Am Fam Physician. 1999 Mar 1;59(5):1280-1282.
Obesity often appears to affect respiratory function; however, few medical references include obesity as a cause of dyspnea. Obesity has been shown to reduce expiratory reserve volume and functional residual capacity because of alterations in chest wall mechanics. Obese persons may also experience exertional dyspnea because of the metabolic load placed on their gas transport system upon exertion. Despite these observations, obesity alone has not been shown to cause dyspnea in persons at rest. In an attempt to answer this question, Sahebjami conducted a prospective, open study to evaluate baseline dyspnea in otherwise “healthy” obese men and to see whether their pulmonary function test profiles differed from those of obese men without dyspnea.
All men seen during a three-month period at the Cincinnati Veterans Affairs Medical Center who had a body mass index (BMI) of 28 kg (61.6 lb) per m2 or greater were screened for the study. Patients were first asked to sit in a chair for 10 minutes on arrival at the clinic, and then to complete a written questionnaire that asked whether they had any difficulty breathing at rest and, if so, to quantify the degree of difficulty on a scale of zero to 10 (referred to as the Borg Scale Dyspnea Index [BSDI]). The men then underwent pulmonary function tests, including forced expiratory volume (FEV1) and forced vital capacity (FVC). Those with values greater than 80 percent of predicted value were screened further for potential entry to the study. Clinical records, including medical history and chest radiographs or electrocardiograms, were reviewed. Exclusion criteria included the presence of cardiopulmonary disease, malignancy, neuromuscular disorders, recent surgery or any serious systemic illness. Those who remained eligible then underwent extensive pulmonary function testing, including flow rates, lung volumes and single-breath carbon monoxide diffusing capacity (DLco). In addition, arterial blood gas samples were obtained from the radial artery of all patients at rest while breathing room air.
Twenty-three men met the criteria for the study. Of these, 15 reported dyspnea at rest (dyspneic group), and eight denied any shortness of breath at rest (nondyspneic group). Age and height of the men were similar in both groups. However, BMI, BSDI scores and body weights were significantly greater in the dyspneic group. In addition, 86.6 percent of men in the dyspneic group had a smoking history, compared with 62.5 percent of men in the nondyspneic group. Baseline arterial blood gas parameters did not differ between groups. FVC, FEV1 and FEV1/FVC ratio were within normal limits in both groups. In addition, lung volume and gas exchange patterns were similar between groups. FEV1, maximum voluntary ventilation and maximum static expiratory mouth pressure (Pemax) were significantly reduced in the group with dyspnea.

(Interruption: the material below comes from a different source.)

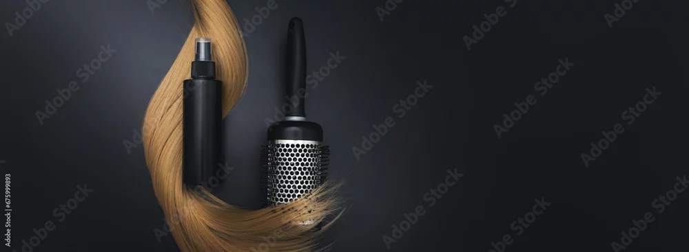 Fototapeta Blond shiny hair wave, Round brush for styling hair and Hair care spray, on black background. Hairdresser service, hair strength, haircut, hairstyle. Concept hairdresser spa salon. - do fryzjera - Picturewall.pl

The author concludes that obesity alone, without the presence of underlying lung disease, can be a cause of dyspnea at rest in otherwise healthy men. In this study, obese patients with dyspnea weighed more, had lower Pemax levels and lower maximum voluntary ventilation than patients without dyspnea. These factors are most likely responsible for the sensation of dyspnea in these persons.
Sahebjami H. Dyspnea in obese healthy men. Chest. November 1998;114:1373–7.